When setting up a single or a group of distributed volumes preference rules are configured.   It is the preference rule that determines the outcome after failure conditions such as site failure or dual WAN link partition.  The preference rule can either be set to Site A preferred, Site B preferred or no automatic winner for each distributed volume and/or group of distributed volumes.
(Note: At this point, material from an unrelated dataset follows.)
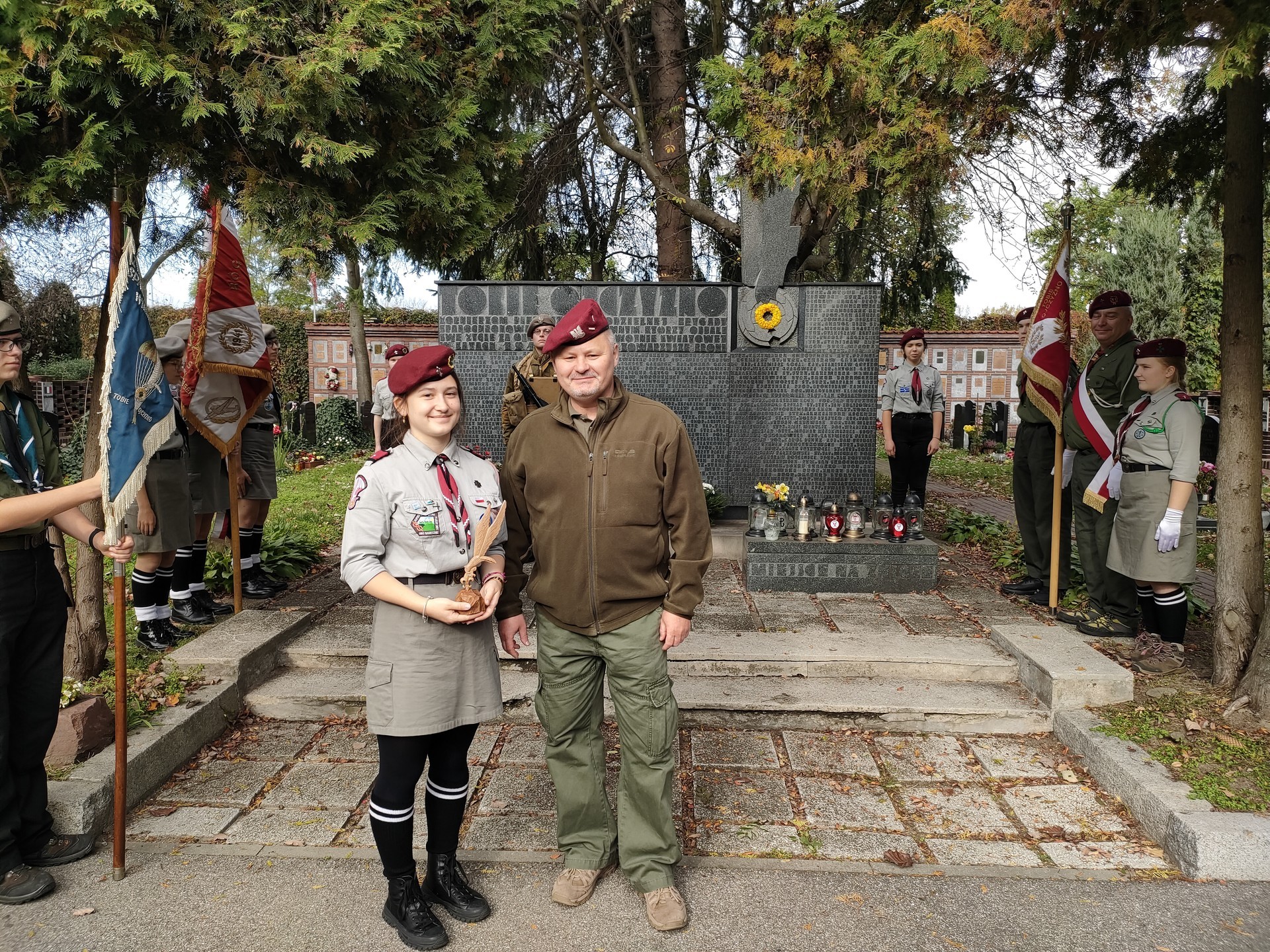 Przyjaciel naszych harcerzy Pan Leszek z Bydgoszczy wręczył drużynowej, Nikoli Harackiewicz statuetkę Harcerskiego Znaku Spadochronowego w podziękowaniu za dotychczasową służbę w kultywowaniu pamięci po spadochronowych weteranach.

Overall, the following effects to a single or group of distributed volumes can be observed under each of the failure conditions list in Table 1:

Let’s review what failure scenarios look like on a VPLEX Metro WITHOUT VPLEX Witness:

Table1

Table 1.

Table 1 shows that with the use of just preference rules (without VPLEX Witness) then under some scenarios manual intervention would be required to bring the VPLEX volume online at a given VPLEX cluster (For example, if Site A is the preferred site, and Site A fails, Site B would also suspend).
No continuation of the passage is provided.